This article originally appeared on The Daily Pitchfork.
A version of this article, written by James McWilliams, appeared in The New York Times about a year ago. Given the recent media emphasis on California's drought, it seemed an opportune time for The Daily Pitchfork to run a reminder that animal agriculture is the state's largest consumer of ag-based water. It also serves as a precursor to an upcoming piece that we'll be running on the failure of foodie writers to address the role of meat and dairy in the state's severe drought. - JM California is experiencing its worst drought on record. Just three and a half years ago, Folsom Lake, a major reservoir outside Sacramento, was at 83 percent capacity. Today it's down past 30 percent. Gov. Jerry Brown has declared a state of emergency. President Obama has pledged $183 million in emergency funding. The situation is, by any assessment, dire.
With California producing nearly half of the fruit and vegetables grown in the United States, attention has naturally focused on the water required to grow popular foods such as walnuts, broccoli, lettuce, tomatoes, strawberries, almonds and grapes. These crops are the ones that a recent report in the magazine Mother Jones highlighted as being water intensive. Who knew, for example, that it took 5.4 gallons to produce a head of broccoli, or 3.3 gallons to grow a single tomato? This information about the water footprint of food products - that is, the amount of water required to produce them - is important to understand, especially for a state that dedicates about 80 percent of its water to agriculture.
But for those truly interested in lowering their water footprint, those numbers pale next to the water required to sustain livestock. A 2012 study in the journal Ecosystems by Mesfin M. Mekonnen and Arjen Y. Hoekstra, both at the University of Twente in the Netherlands, tells an important story. Beef turns out to have an overall water footprint of roughly four million gallons per ton produced. By contrast, the water footprint for "sugar crops" like sugar beets is about 52,000 gallons per ton; for vegetables it's 85,000 gallons per ton; and for starchy roots it's about 102,200 gallons per ton.

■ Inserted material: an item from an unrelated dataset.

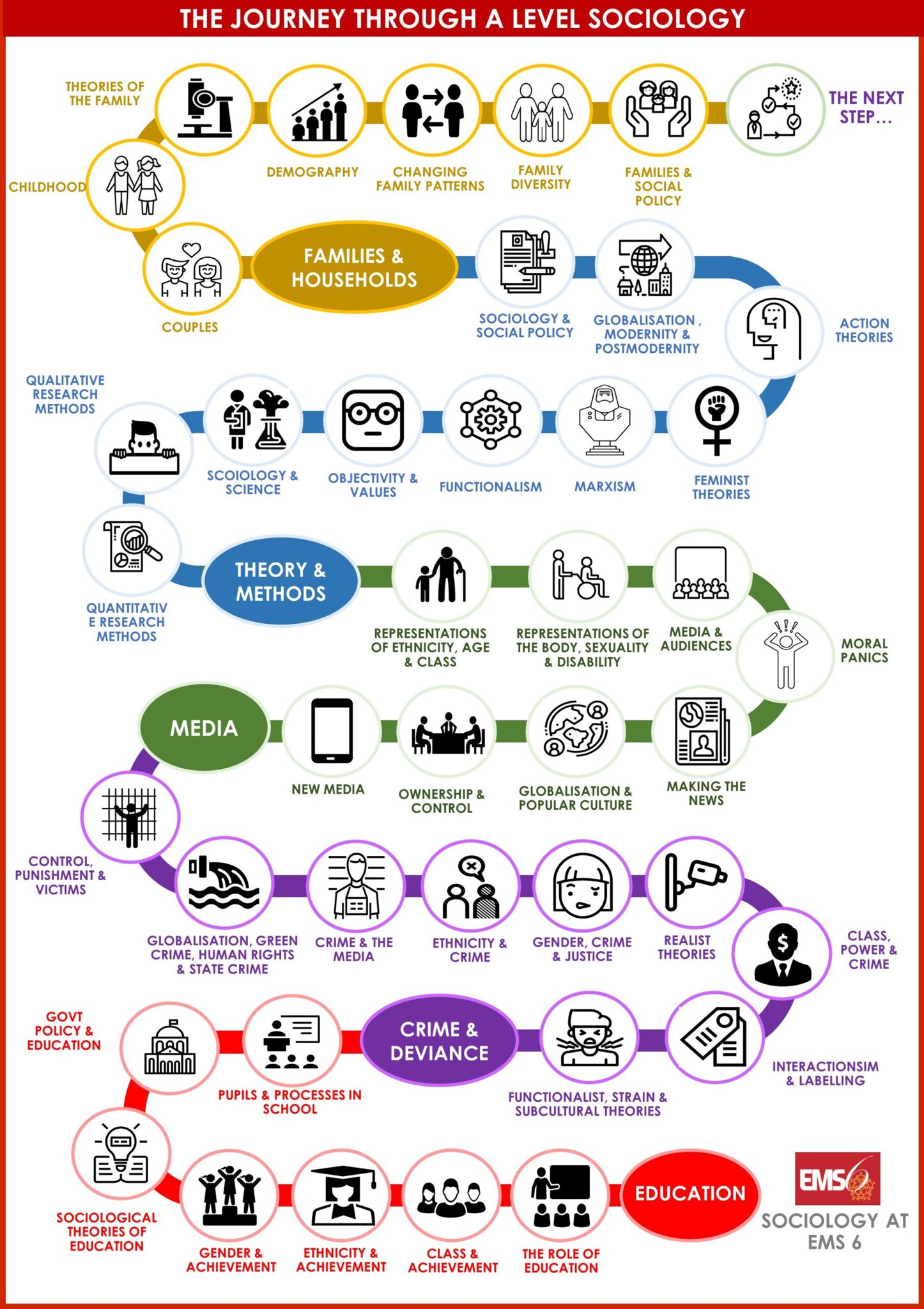 Sociology is the study of society – how it works, why it works, and how it could change. It’s a fascinating subject that covers all aspects of modern life. The key content you will cover will focus on; Crime and Deviance, Education, Families and Households and the Media.

Factor in the kind of water required to produce these foods, and the water situation looks even worse for the future of animal agriculture in drought-stricken regions that use what's known as "blue water," or water stored in lakes, rivers and aquifers, which California and much of the West depend on.
Vegetables use about 11,300 gallons per ton of blue water; starchy roots, about 4,200 gallons per ton; and fruit, about 38,800 gallons per ton. By comparison, pork consumes 121,000 gallons of blue water per ton of meat produced; beef, about 145,000 gallons per ton; and butter, some 122,800 gallons per ton. There's a reason other than the drought that Folsom Lake has dropped as precipitously as it has. Don't look at kale as the culprit–or almonds, as Mother Jones, which dedicated six articles to the topic in 2014, has done. Instead, a single plant is leading California's water consumption.